Though I was starving and profoundly bored, I was grateful to have break from hiking with a heavy pack. It’s all about perspective.

I’d finally run out of things to write in my journal; things I missed, my bedroom at home, my boyfriend, food.

Now, I was not only hungry. I was scared.

Clouds had begun to gather in the far distance.

The patrol leaders had warned warned us about the biggest killers in the wilderness were hypothermia, burns and infections.

My vigilant teenage thinking went like this: If you get wet and can't dry off, you’ll get cold, and this can lead to hypothermia.

This was the land of the Donner Party.

I sat naked atop a granite slab above the tree line, looking down over a ravine, trying to calm myself.

The sound of the wind blowing through the trees shushed up from below.

The clouds thickened, darkened a bit, though still far away. Thunder rumbled.

My heart beat faster.

I knew that my fear was my greatest enemy.

So I made up a little Winnie-the-Pooh-like poem for this occasion.

It’s nice to know

that if it rains

I’ll be okay.

I repeated it, as I rocked back and forth on my haunches, my arms wrapped around my knees. I paused between each line, until I could hear the strength and conviction in my own voice.

It was an invocation.

Suddenly, three deer appeared: a buck, a doe and a fawn.

I froze, holding my breath as we do when we want the moment to last forever. The doe and I locked eyes. She froze, too, taking me in with her liquid brown eyes.

I don’t know what she saw in mine, but I like to think she saw one of her kind.

I held my breath.

Then a thought came to me: the deer came while I was rocking and breathing and reciting a poem, though much quieter now. I was soothing myself — or trying — and they came.

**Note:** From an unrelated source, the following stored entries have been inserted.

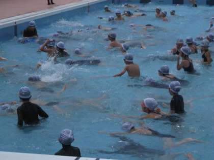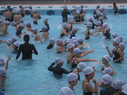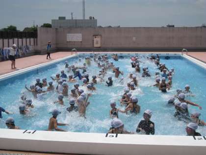 30度近くまで昇温してきました。けれども、水しぶきをあげている4年生を見ていると、気分は爽やか! 水慣れ、リズム泳、一つ一つが心地よさげでした。
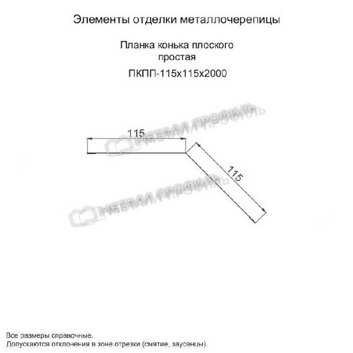 Планка конька плоского простая Металл Профиль
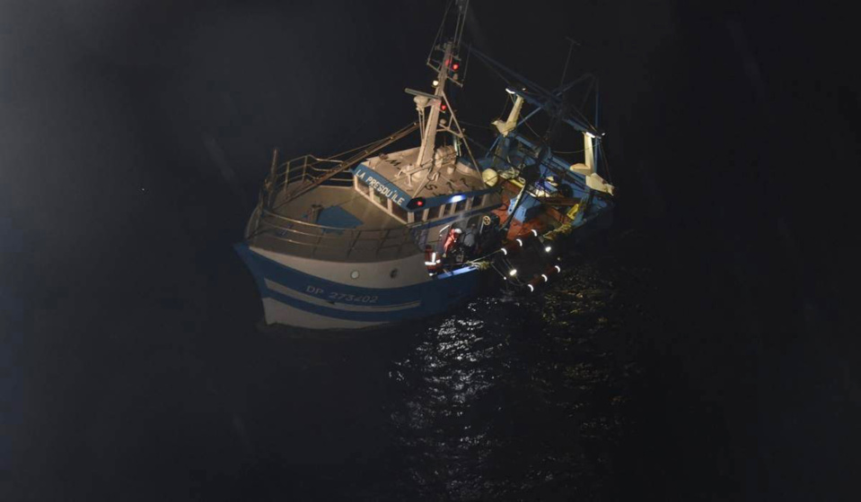 Il a alors été décidé d’évacuer, via l’hélicoptère de la Marine, les quatre marins pêcheurs vers le sémaphore de Fécamp où ils ont été pris en charge, non blessés, par les sapeurs-pompiers.
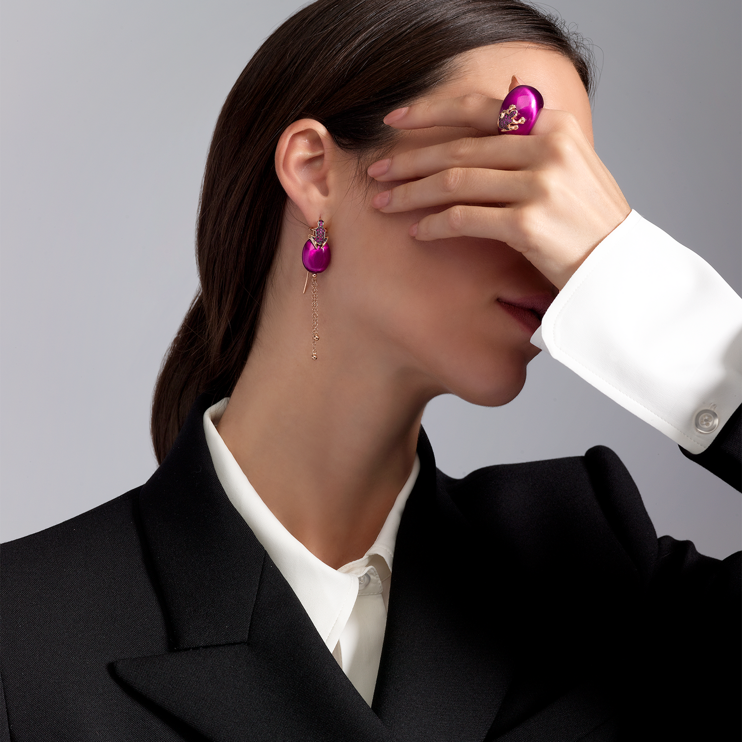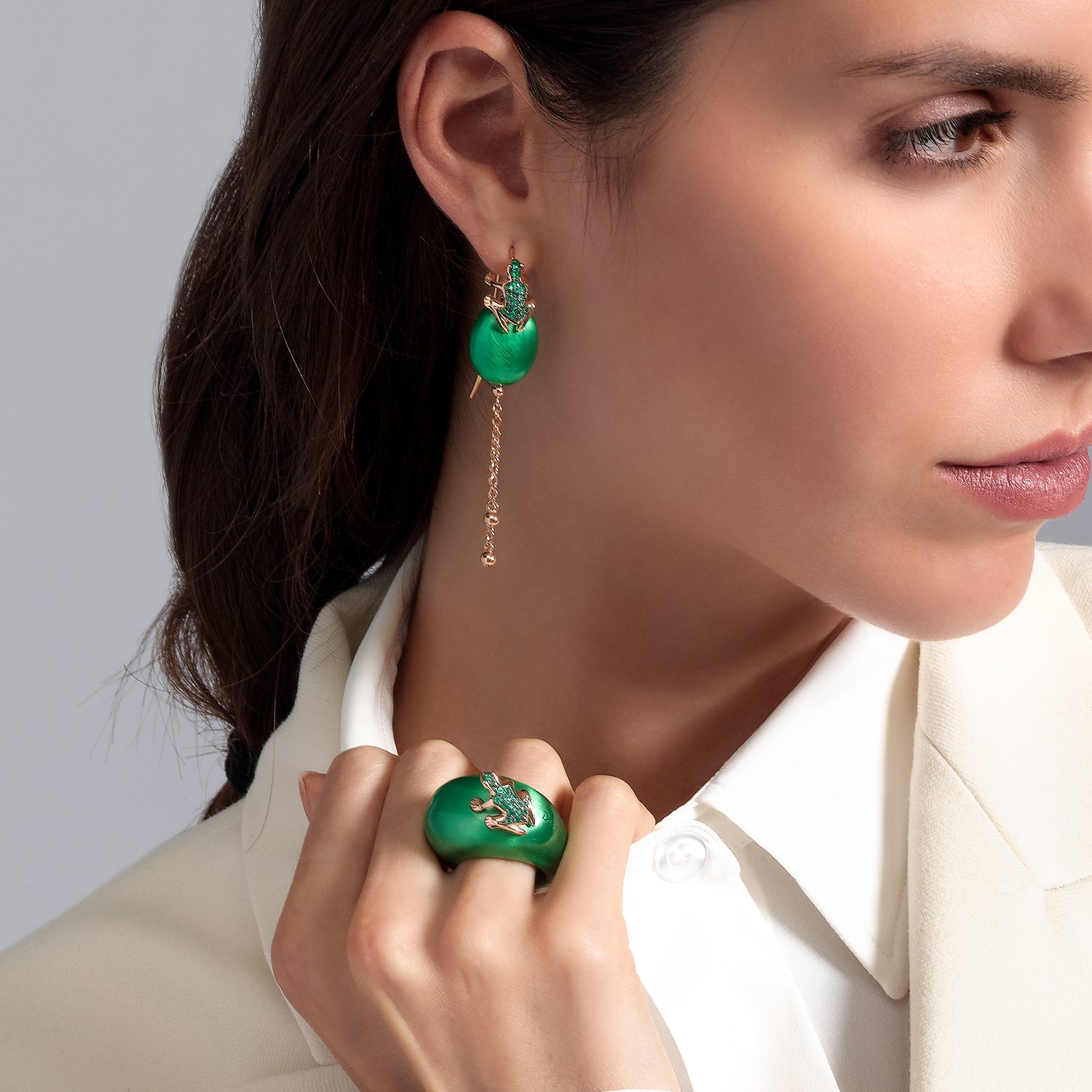 Design inaspettato per gli orecchini Happy Frog asimmetrici: il pendente presenta una pepita colorata su cui si arrampica la rana iconica in oro e pietre preziose, accompagnata da una cascata di catenelle mobili. Il secondo orecchino, a lobo, propone la rana in versione mini....- 3.700,00€
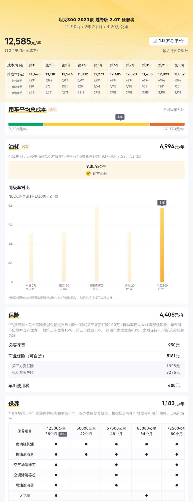 再来说用车成本。除了油耗,还需要考虑保养、维修、保险等费用。坦克300的零部件价格相对较高,维修费用也比普通家用车要贵。再加上这辆车已经开了三年,未来可能会面临一些零部件老化的问题,这都需要一笔额外的支出。
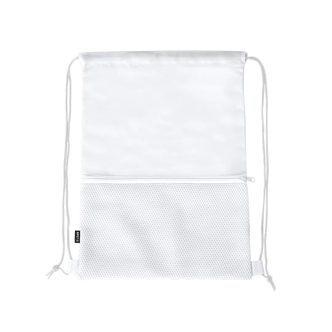 Saco mochila fabricado em suave poliéster RPET 210D. Conta com cordões de fecho automático pretos em argolas de tecido. Inclui um bolso frontal de rede com fecho de correr a condizer. Logotipo RPET na etiqueta lateral e está disponível numa variada gama de cores (cor branca especialmente fabricada para impressão em sublimação).O material RPET é elaborado a partir de plástico reciclado, para assim promover a reutilização de resíduos plásticos e ajudar na sustentabilidade do planeta.Poliéster 210D RPET
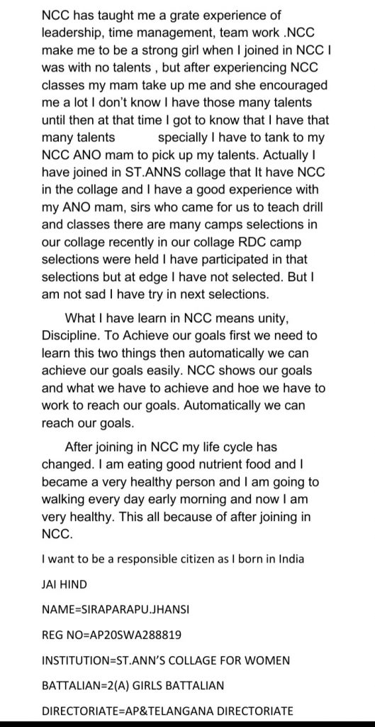 Cadet: S. Rakshitha Reg no: AP19/SWA/521657 35(A) Battalion,chittoor MITS NCC

I once heard that a deer knows if a mountain lion is hungry from a mile away. They did not stumble upon me. They chose me.

It was as though being myself, taking care of myself, was a signal to the deer that I was safe.

Though it would be another two decades before I recognized what had happened to me in the High Sierra Nevada Wilderness that day, I believe now that they answered my call.

So, I began to breathe again.

The deer family began grazing around me.

The clouds gathered and darkened. When thunder clapped, they bounded away, heading for cover.

For a moment I was bereft, alone again, abandoned.

But then I remembered: I am the girl who called the deer.

If I trust my deepest inner voice, I will always be okay.

It did not rain after all.

When my patrol picked me up after three days, I could not speak at first.

Someone told me later, I was skittish, like a deer.

I’d been initiated. I was wild.

This is the magic I still carry.

What’s your spirit animal? Do you have an experience that changed you forever?